La estrella de singular
relato fue conocido por Dreyer en una fiesta; el barón Nicolás de Gunzburg,
banquero, aristócrata y socialite, quien se ofreció como mecenas con la condición
de ser el protagonista del proyecto que financiaba; a cambio tenía el dinero suficiente
y plena libertad creativa. Aquí es otra de esas facetas que a veces no apreciamos,
en donde se ve la buena dirección; el barón era tan mal actor que hasta de
modelo había quedado mal (reconociéndole que su desempeño fue perseverante); la
naturaleza del filme neutraliza estos aspectos, al crearse un mundo surrealista
y onírico, en donde la falta de pausa hace que puedas perderte en las imágenes increíbles, entre lo que es real y lo que no, como le sucede al personaje principal. Y aquí,
el joven adinerado utiliza el seudónimo en pantalla de Julian West para evitar
el escrutinio de su familia y colegas, por el temor de que cuestionaran sus ilusiones de ser un
pobre actor, ya que no era un buen negocio en aquella época.
Hablando de la narrativa, el protagonista en muchos
aspectos no es más que un espectador, y la temible “bruja vampiro” (Henriette
Gérard) solo aparece de forma sutil y sin prestar enfrentamiento directo, pero
creando los acontecimientos en los que el mal nunca duerme.

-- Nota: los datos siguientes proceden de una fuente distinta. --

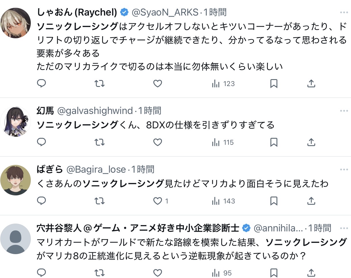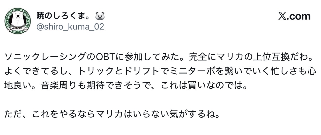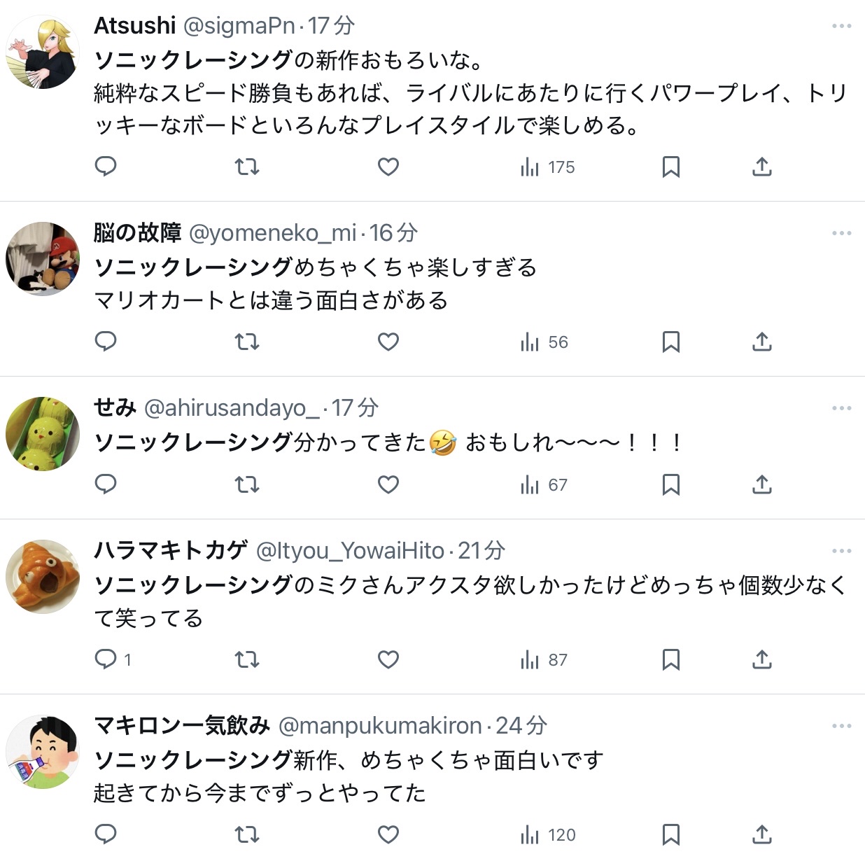 普通にカーブが連続してドリフトミニターボがたくさん撃てるだけで従来のマリカの楽しさを思い出させてくれるわ、めっちゃ楽しいソニックカート
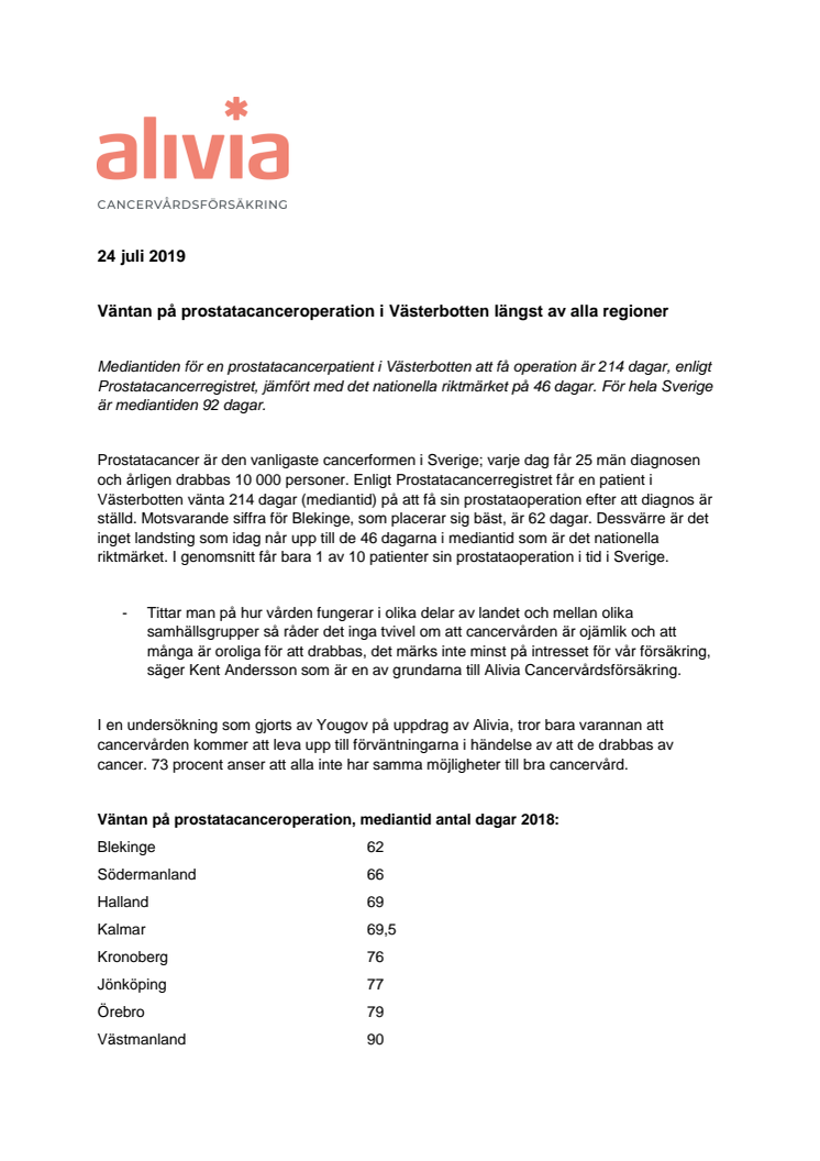 Mediantiden för en prostatacancerpatient i Västerbotten att få operation är 214 dagar, enligt Prostatacancerregistret, jämfört med det nationella riktmärket på 46 dagar. För hela Sverige är mediantiden 92 dagar.
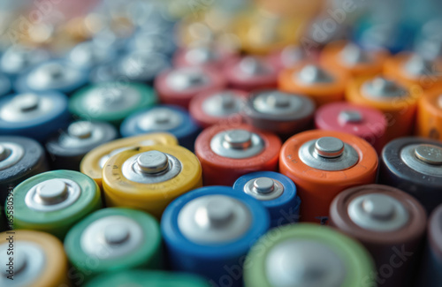 Macro shot of colorful AA batteries, diverse energy sources arranged neatly creating abstract patterns. Selective focus with blurred edges highlights metallic tops, hinting at technology, power,
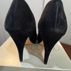 Joan and David DAFELICITA BLACK Suede Platform Peep Toe Heels
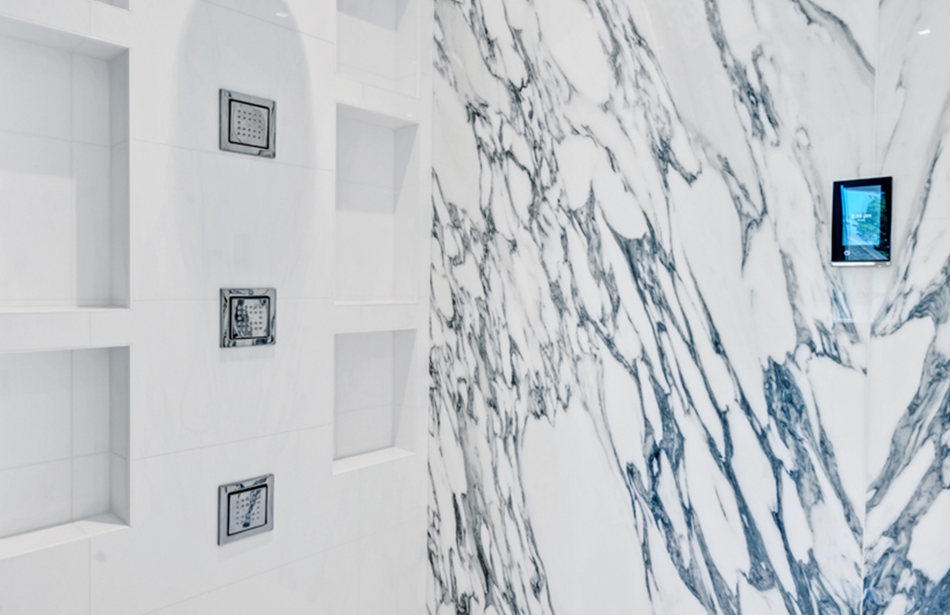- Tiles – Artistic Tile White Thassos wall and floor tile in the master bathroom
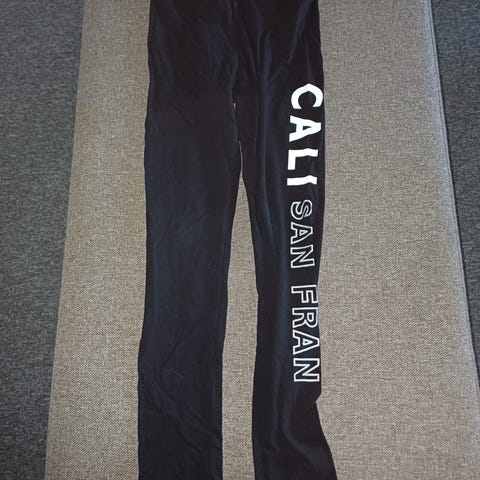 Lontoosta ostetut leggarit, siistit, pinkillä painatuksella, muuten tummanharmaat. Katsothan myös muita ilmoituksiani, niin samoilla kuluilla kulkee useampikin tuote!
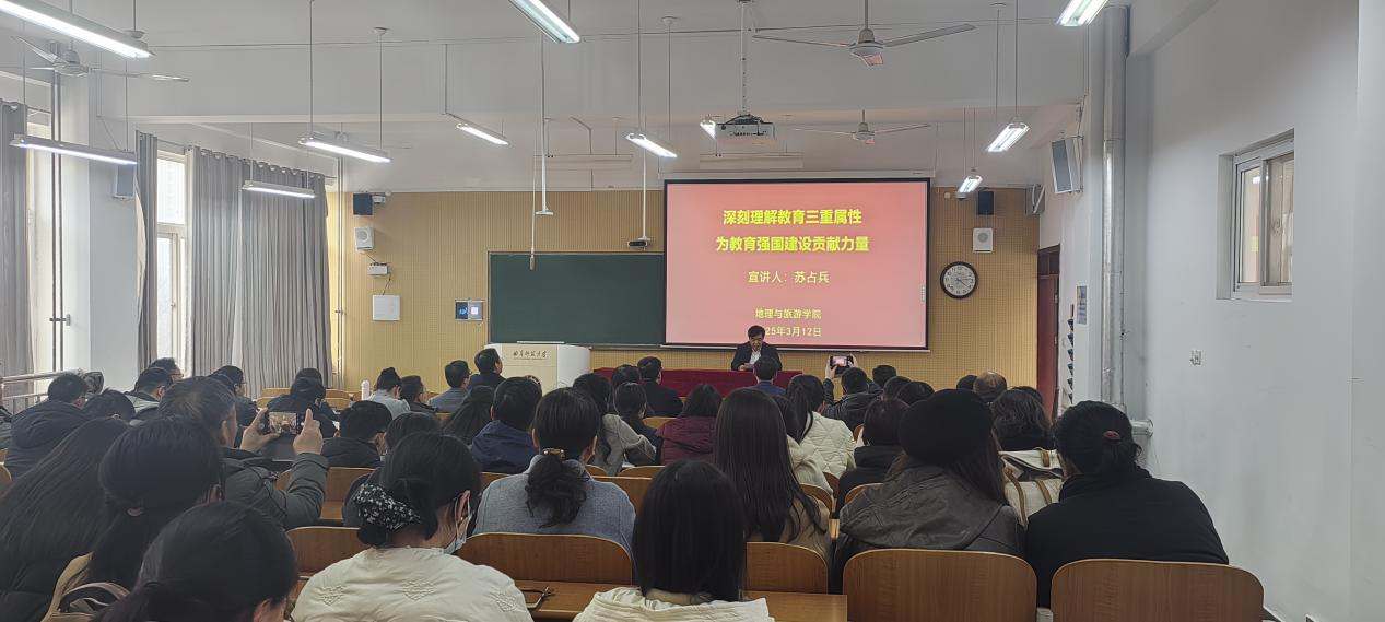 党委书记苏占兵以《深刻理解教育三重属性,为教育强国建设贡献力量》为题为全体教师上了一堂形势政策课。
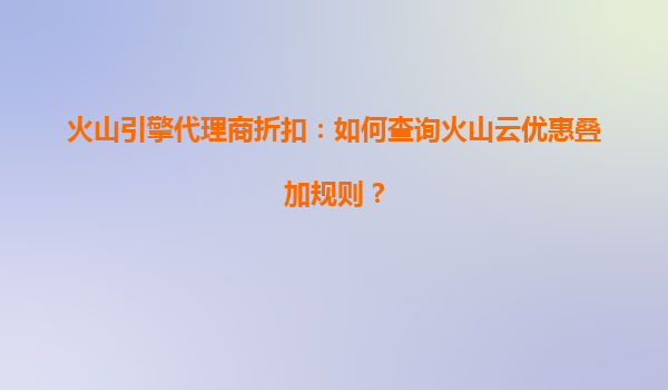 2025-08-09火山引擎代理商折扣:如何查询火山云优惠叠加规则 火山云的核心优势 作为字节跳动旗下的云计算服务品牌,火山云凭借强大的技术实力和丰富的行业经验,为用户提供稳定、安全且高效的云计算解决方案...
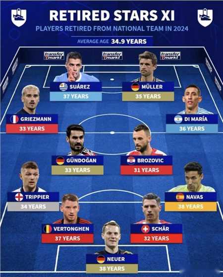 北京时间10月14日,德国转会市场列出了今年从国家队退役的球员阵容。其中,诺伊尔、穆勒、格列兹曼、苏亚雷斯等人在列。
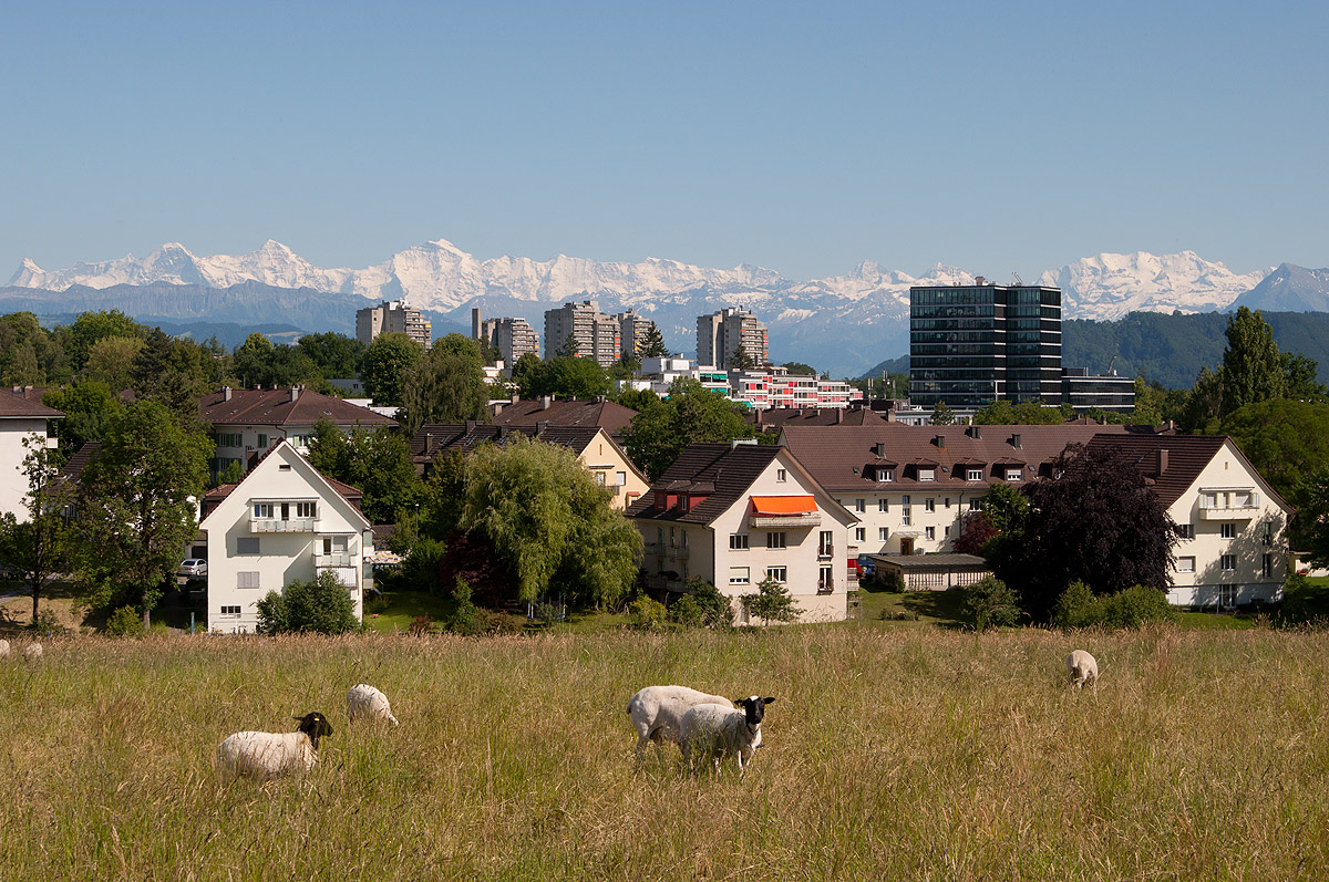 Berna es una ciudad relativamente pequeña y a unos pocos minutos del centro podemos encontrarnos con una escena tan bucólica, suiza y sorprendente como esta
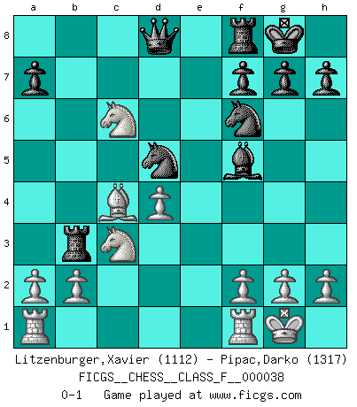 Last move : 0-1 2007 May 29 9:57:58 [Event "FICGS__CHESS__CLASS_F__000038"] [Site "FICGS"] [Date "2007.05.09"] [Round "1"] [White "Litzenburger,Xavier"] [Black "Pipac,Darko"] [Result "0-1"] [WhiteElo "1112"] [BlackElo "1317"] 1.e4 e5 2.Nf3 Nc6 3.Bc4 Nf6 4.c3 Bc5 5.d4 exd4 6.cxd4 Bb4+ 7.Bd2 d5 8.Bxb4 Nxb4 9.exd5 Bf5 10.O-O O-O 11.Nc3 c6 12.dxc6 bxc6 13.Qb3 Nbd5 14.Ne5 Rb8 15.Nxc6 Rxb3 0-1 Two knights defense Kingside Castling by player White (move 10) Kingside Castling by player Black (move 10) Player Black won this chess game. Follow this game move after move (download)There must have been a time when men were demigods, or they could not have invented Chess. (Gustav Schenk) Nicht daß Diemer aus Opportunismus Mitglied der NSDAP geworden wäre. Er war ein Fanatiker, in allem, was er tat. (Hans Ree) La mitad de las variaciones que son calculadas en una partida de torneo, resultan ser completamente superfluas. Desafortunadamente, nadie sabe por adelantado cual mitad. (Jan Tinman) Même si vous avez un bon coup à faire, regardez toujours s'il n'y en a pas un qui lui soit préférable. (Pedro Damiano) If only people were all showed a certain minimum level of niceness; if only people didn't retract verbal draw offers (without draw box ticked) on ficgs; if only people didn't kill; if only people didn't run concentration / extermination camps, if only people didn't drop nuclear bombs on Hiroshima and Nagasaki, and so on - it would be a much more beautiful world. But sadly, things are not so... (Normajean Yates)
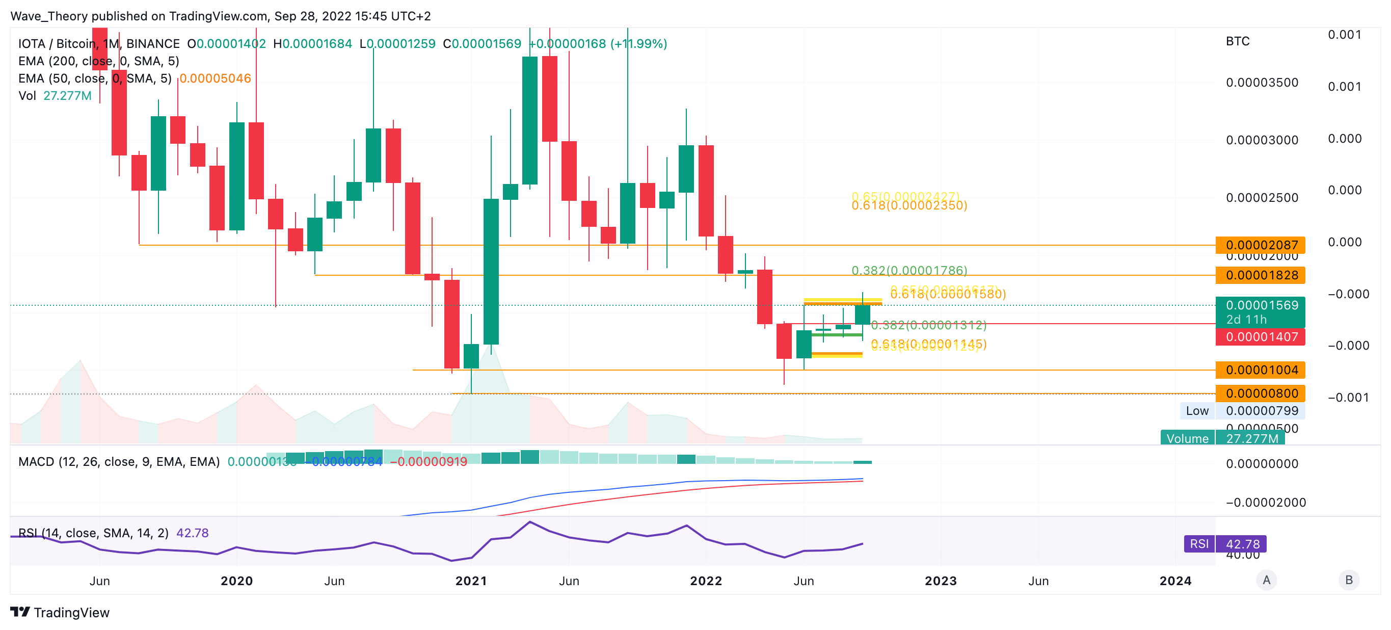 IOTA stößt jetzt an der Golden Ratio bei rund 0,0000158 BTC auf signifikanten Widerstand. Bei einem bullischen Bruch wartet bei rund 0,00001786 BTC und 0,000024 BTC der nächste signifikante Widerstand.
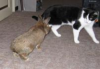 | Was hast du denn für ein schwarzweißes Fell, schaust ja ganz anders aus als ich. | Wenn man mich schon in der Wohnung flitzen läßt, dann folge ich dir mal ganz unauffällig. |

Mientras la labor
de héroe recae en un mayordomo (Albert Brass) que al final combate contra la
maldición como un leñador abriéndole la panza al lobo que se comió a caperucita,
que aquí es la joven Léone (Sybille Schmitz). El umbral entre lo onírico,
lo real y lo sobrenatural es irreconocible; hay un velo de misterio, pero reconozco
lo que más llama mi atención del primer trabajo sonoro de su realizador es lo
poco que lo utiliza; de hecho los diálogos son pocos y solo son usados para
apoyar la acción; siendo las imágenes el auténtico dialogo, se siente natural. También en esta
película se pueden ver reminiscencias del cine mudo como las tarjetas de
títulos con las que se explicaba la historia, en ocasiones sustituidas por libros
que los personajes leían proporcionados por tomas subjetivas.
La película tiene
influencias del famoso cine expresionista, es lo que se le llama hoy en día una
película experimental; vampiros, esqueletos, sombras animadas hacen gala en ese
trabajo. Una de las escenas más alabadas al día de hoy, es sin duda la toma
subjetiva en un ataúd desde la posición del difunto; Gray en una secuencia de
sueños encontrando el ataúd y viéndose a sí mismo como el contenido de este. Las
imágenes simbólicas de esta película son muchas; el protagonista al llegar al
hotel observa a un sujeto con una guadaña esperando a un barquero en el muelle,
donde quizá el barquero Caronte deambula y trae a la gente a ese fantástico lugar;
el río es la frontera que cruzamos con Gray para llegar a este otro mundo,
influencia que se retomaría posteriormente en el cine.